Diam. Vina hanya diam di kursi roda. Angga menahan tangis, karena belum percaya.

“Vina, kalo beneran kamu gaada. Aku gatau bisa apa lagi, Vin. Liat Dirga mau kuliah, Senjani baru beberapa jam lalu lahir, Vin. Aku tau kamu masih disini.” Angga mulai terisak.

“Vina!” Tangisan Angga semakin kencang karena tidak ada respon sama sekali dari kesayangannya itu.

“Vin, udah ga sakit ya? Beneran? Tidur yang nyenyak, Vin.” Kata Angga mengusap air matanya.

Tak lama kemudian, ternyata Dirga dan Angkasa sudah berdiri di dekat taman mencari mereka.

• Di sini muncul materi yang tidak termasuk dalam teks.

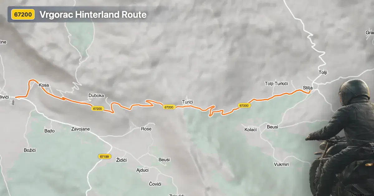 The Vrgorac Hinterland Route is situated in southern Croatia, in the vicinity of the town of Vrgorac. This area lies inland from the Adriatic coast, offering a quieter alternative to the busier coastal highways. The road begins approximately 6.4 km (4 miles) from Vrgorac, making the town a convenient base for riders. The region is characterized by rolling hills and agricultural landscapes, providing a distinct contrast to the nearby Dalmatian coastline. An interactive map showing the route can be found at the end of this article.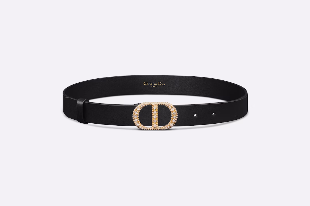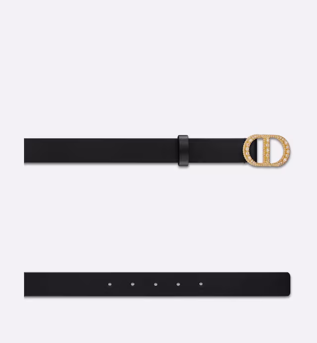 Inspired by the hallmark namesake bag, the 30 Montaigne Crystals belt is offered in a new variation that's timeless and elegant. Crafted in black smooth calfskin, it is embellished with an iconic shiny gold-finish metal 'CD' buckle revisited with silver-tone crystals. The modern accessory elegantly highlights the waist and pairs well with jeans, a skirt or dress.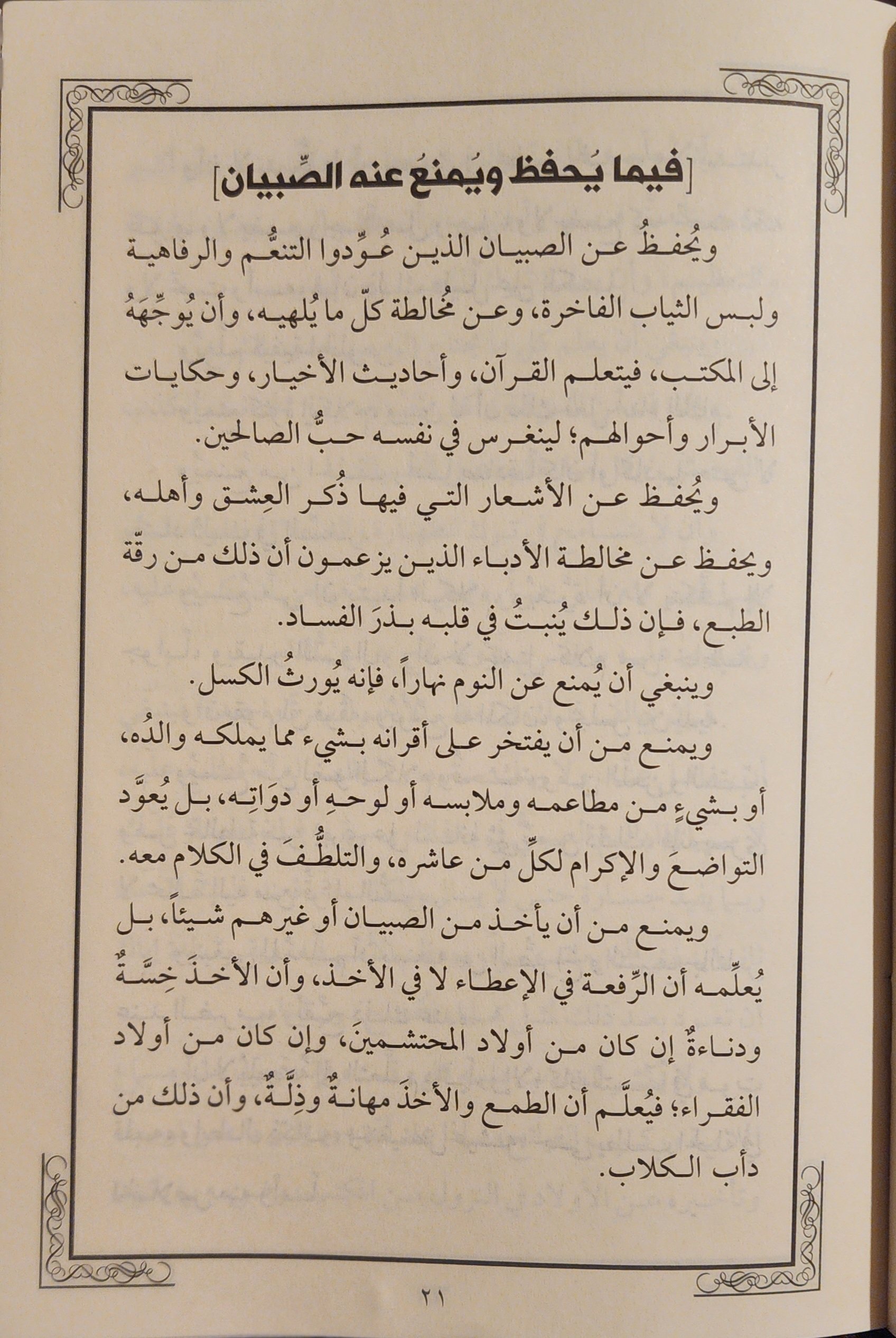 This is an important and beneficial writing needed by parents and every educator to protect their children. It emphasizes the importance of disciplining, guiding, and teaching them good morals and actions, instilling in them virtues that will benefit them both in this life and the hereafter. The upbringing of children, both boys and girls, is one of the most crucial and essential matters. If they are accustomed to goodness, they will grow up with it and find happiness in this life and the hereafter, sharing the reward with their parents and every teacher and educator. However, if they are accustomed to evil and neglected, they will perish and suffer, and the burden will fall on all of them. May Allah guide us all to his pleasure! Aameen.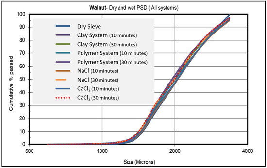 As noted earlier in this study, walnut is a highly rigid material that has been used in drilling fluids for decades. The analysis conducted on the walnut showed that the particle size range of the dry phase was from 3360 to 595 µm. As shown in Figure 2, the overall performance of walnut with different carrier fluid systems showed that walnut performed with a very minimal size reduction in all fluid systems. Thus, the selection of the fluid type was not a critical issue that would influence the size degradation behavior of walnut.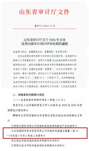 近日,山东省审计厅组织对省属单位和各市审计局推荐的内部审计项目进行了评审,经过初评、复评2轮严格评审,best365英国在线体育申报的《菏建置业康馨二期1#-17#及地下车库工程竣工结算审计》项目,在众多参评项目中脱颖而出,荣获2024年度市级单位内部审计项目“全省优秀内部审计项目一等奖”,是我市市级单位唯一获得一等奖的内部审计项目。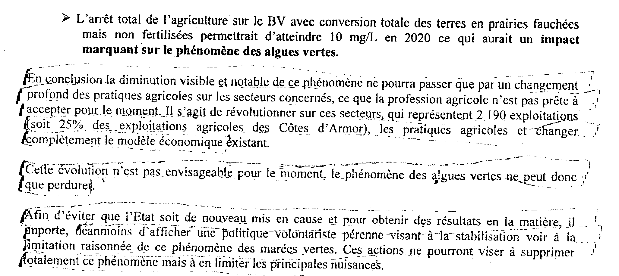 Le représentant de l’État fait plus loin état des actions déjà engagées pour enrayer le phénomène. Mais fait montre d’un certain scepticisme. « La mise en œuvre de ces mesures a permis, au mieux, de stabiliser les taux de nitrates présents dans les rivières, sans obtenir un résultat visible de diminution du phénomène des marées vertes. » Et d’entrevoir une solution radicale : « L’arrêt total de l’agriculture sur le bassin-versant avec conversion totale des terres en prairies fauchées mais non fertilisées permettrait d’atteindre 10 mg/l (de nitrate) en 2020, ce qui aurait un impact marquant sur le phénomène des algues vertes ».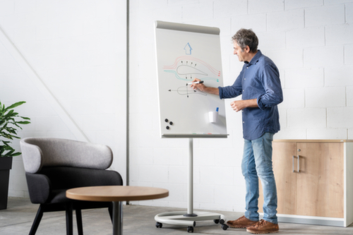 Avec cet outil de présentation analogique, vous pouvez travailler sans courant, sans Internet et indépendamment de toute autre forme de technologie. Lors de présentations ou de réunions, notez rapidement toutes les idées – cela vous permet de faire participer activement votre public.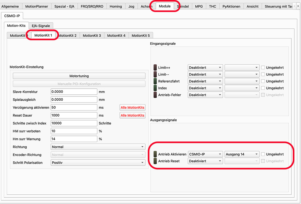 Weisen Sie dem Ausgang 6 die Funktion M8 zu.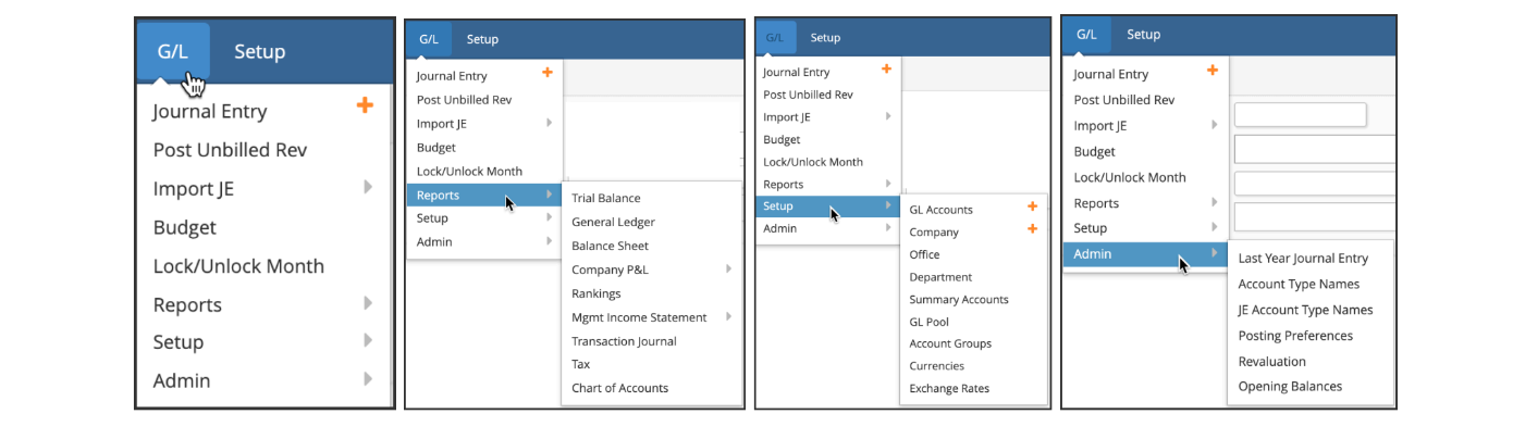 - GL Accounts: Use this function to set up your chart of accounts at the posting level and define ‘ownership’ (company, department and office).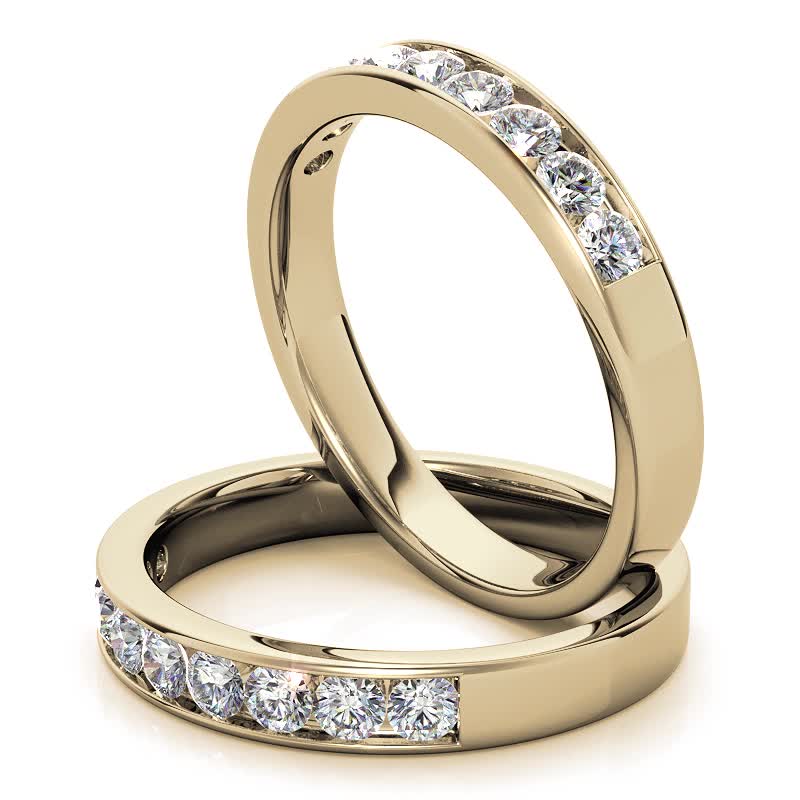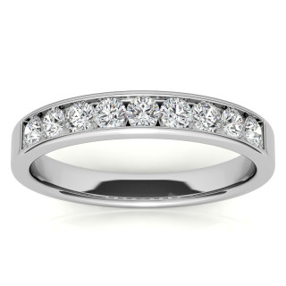This beautiful channel set anniversary ring features nine 2.5mm (0.06ct each) round brilliant lab grown diamonds for a total of 0.54 carat, set in 14k gold, 18k gold or platinum.

“Pa!” Panggil Dirga. Bukannya menahan tangisan, Angga malah semakin menangis melihat anak sulungnya ini.

“Loh papa kenapa? Mama kok tidur disini?”

“Dirga- mama ga tidur.” “Mama-”

Terlihat Abimanyu dan Meyra menyusul anaknya kesana karena Angkasa sedang bersama Dirga.

“Angga? Mey ambil itu bayinya gendong dulu.”

Meyra mengambil Senjani yang daritadi di taruh di atas meja oleh Angga.

“Bi. Vina bi.” Kata Angga menunjuk Vina yang duduk di kursi roda. “Vina pulang lebih cepet daripada gue.”

Abi hanya terdiam dan kaget.

“Panggil dokter bi.”

“Pa? Mama gaada?” Dirga mulai sesak lalu terisak.

“Mah! Mama tega banget ninggalin papa dirga sama senjani! Mama bahkan belum liat senja masuk tk mah!” Ujar Dirga sambil menangis.

“Dirga udah ya? Ikhlas ya? Dirga bisa kok. Ada Angkasa disini.” Kata Angkasa.

“Angkasa janji ga bakal ninggalin Dirgantara ya? Om Angga minta tolong temenin Dirga ya Kasa?” Tak tau mengapa tapi Angga semakin terisak.


Malam ini Vina pulang ke tempat yang lebih indah. Meninggalkan Angga, Dirgantara dan Senjani.

Selamat beristirahat sayang ku. Tunggu aku disana. Kak Angkasa, tolong jagain Vina dulu ya?